Rupture scenarios for the San Diego Trough and San Pedro Basin fault systems, offshore Southern California: New constraints combining marine geophysical, paleoseismic, and ground motion modeling investigations.

The hazard posed by offshore strike-slip faults for coastal populations in Southern California is poorly characterized and may be underappreciated as the structural relationships between faults may allow ruptures to propagate between neighboring fault systems.
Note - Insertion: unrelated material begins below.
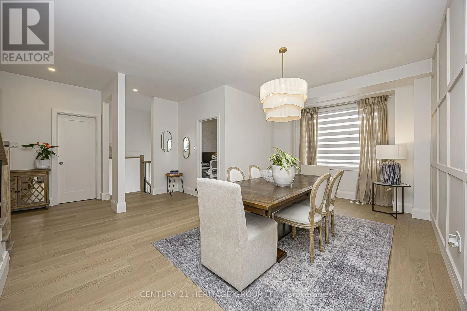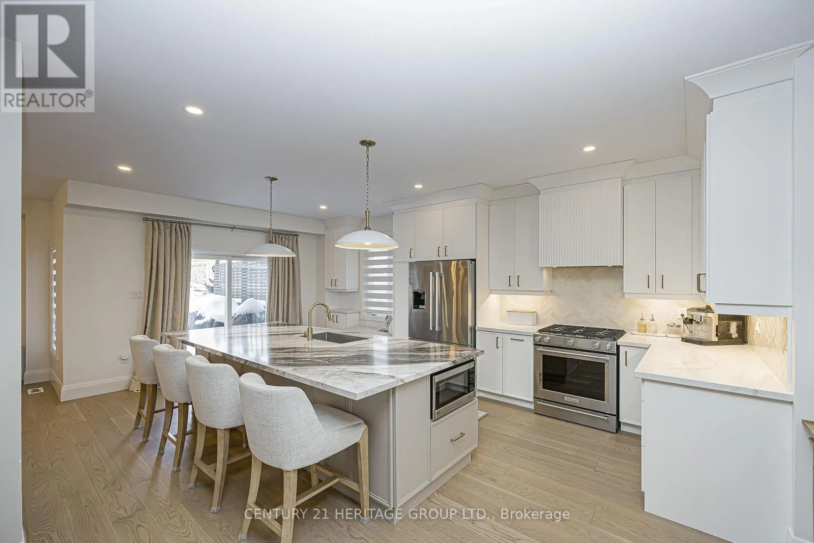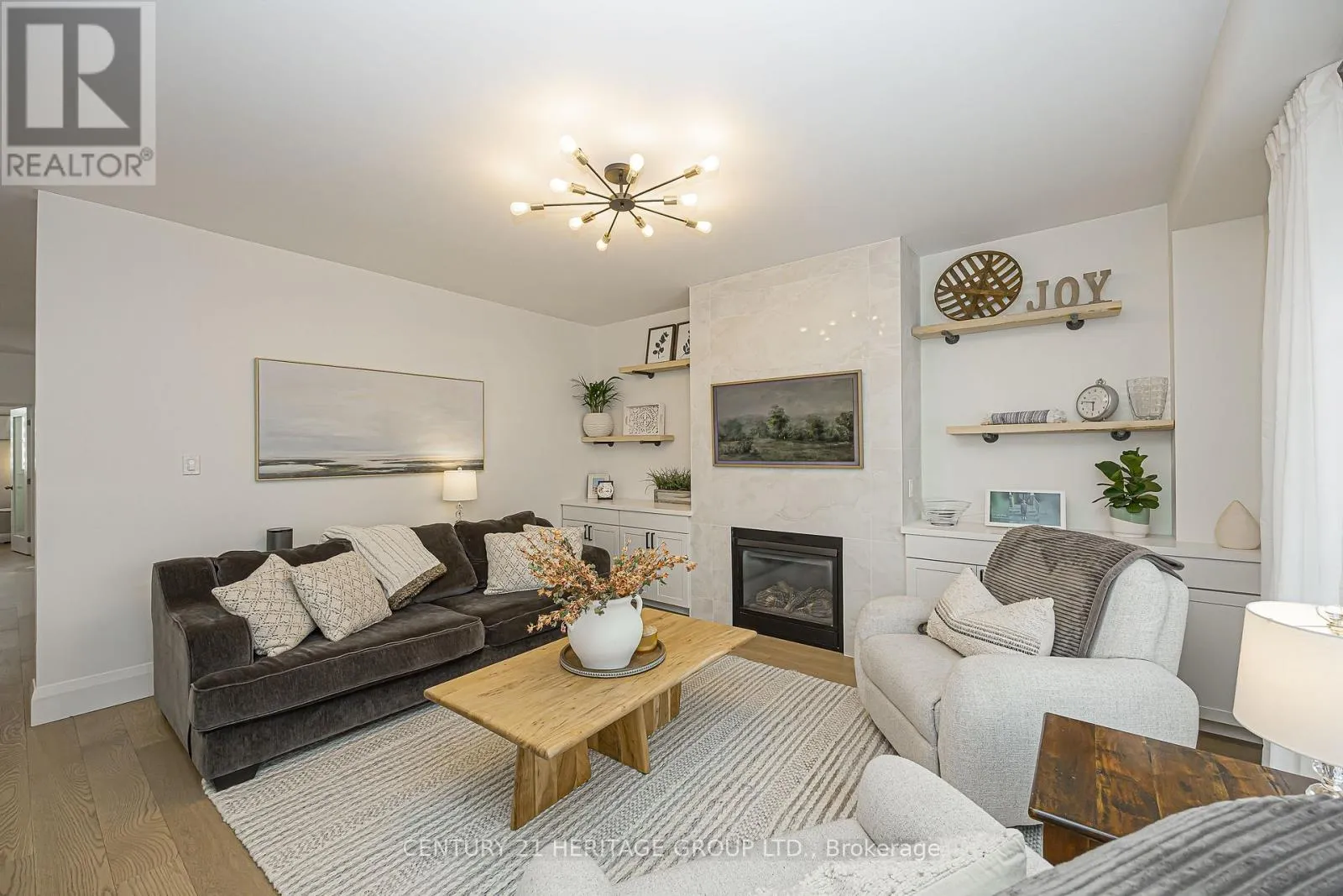 Cross Streets: Ninth Line- Vivian Creek Rd. ** Directions: Ninth Line- Vivian Creek Rd -Ridge Gate Cres. This beautifully updated 4 bedroom home offers thoughtfully designed living spaces & exceptional functionality. A charming covered front porch welcomes you inside to a bright, airy foyer with soaring ceilings. At the heart of the home is the stunning modern kitchen, showcasing custom cabinetry, a stylish backsplash, under-cabinet lighting, stainless steel appliances, quartz countertops & an impressive oversized center island with breakfast bar & pendant lighting. A walkout from the kitchen provides seamless access to the backyard, perfect for indoor-outdoor dining. The dining room offers an inviting space for family meals & special gatherings. The living room features a cozy gas fireplace flanked by custom built-ins & a large window overlooking the backyard. A convenient main-floor office is ideal for working from home, while a 2 piece powder room completes this level. The upper level boasts a spacious primary suite with a large walk-in closet & a spa-inspired ensuite featuring a double-sink vanity & a glass-enclosed shower with dual rain showerheads & handheld sprayers. Three additional generously sized bedrooms-one with a built-in bunk bed-offer ample closet space & large windows & share a well-appointed 4 piece bath. Just a few steps down from the main floor, the laundry room is thoughtfully equipped with cabinetry, a folding table, laundry sink & storage closet. The fully finished basement includes a comfortable recreation room with durable vinyl plank flooring, a 2 piece bathroom, & plenty of storage space. A practical mudroom on the lower level features tile flooring, a double closet & walkout access to the garage. The fully fenced backyard offers a deck & gardens, creating an ideal setting for relaxing or entertaining during warmer months. Extensively renovated & truly move-in ready, this home combines modern comfort with family-friendly living in a sought-after location. See attached list of updates. (id:27476)

Recent marine geophysical investigations on the San Diego Trough (SDT) and the San Pedro Basin (SPB) faults demonstrate that these two northwest striking, right-lateral faults are separated by a gap of <5 km, which may allow ruptures to propagate between the two fault systems. Deterministic rupture scenarios for the SDT and SPB fault systems included in the U.S. Building Seismic Safety Council 2014 Event Set include a M 7.3 event on the southern SDT fault, a M 7.3 event on the northern SDT fault, and a M 7.1 event on the SPB fault; however, none of the scenarios considers events that may propagate between fault segments. A complete rupture of all three segments would extend offshore from Ensenada, Mexico to Los Angeles, California with a length >330 km. Empirical scaling relationships indicate that a strike-slip rupture of this length has the potential to produce a M 7.7-7.9 event. At present, the paleoseismic histories of both faults are unconstrained. Here, we present new observations from on-going submarine paleoseismic investigations using CHIRP and multichannel seismic reflection profiles, multibeam bathymetry, and coring surveys to characterize recent earthquakes on the SDT and SPB fault zones, and evaluate the potential for rupture that spans both systems. We will perform detailed shaking analysis for coastal communities in northwestern Baja California and Southern California based on multi-segment rupture scenarios constrained by the new paleoseismic observations and models of Coulomb stress change caused by individual fault segment rupture. Combining existing Shakemap rupture scenarios with coastal population data suggests that >12,500,000 people would be exposed to strong (MMI VI) shaking in an end-to-end rupture of both fault systems, with the strongest shaking in Ensenada, Mexico and the Los Angeles Basin.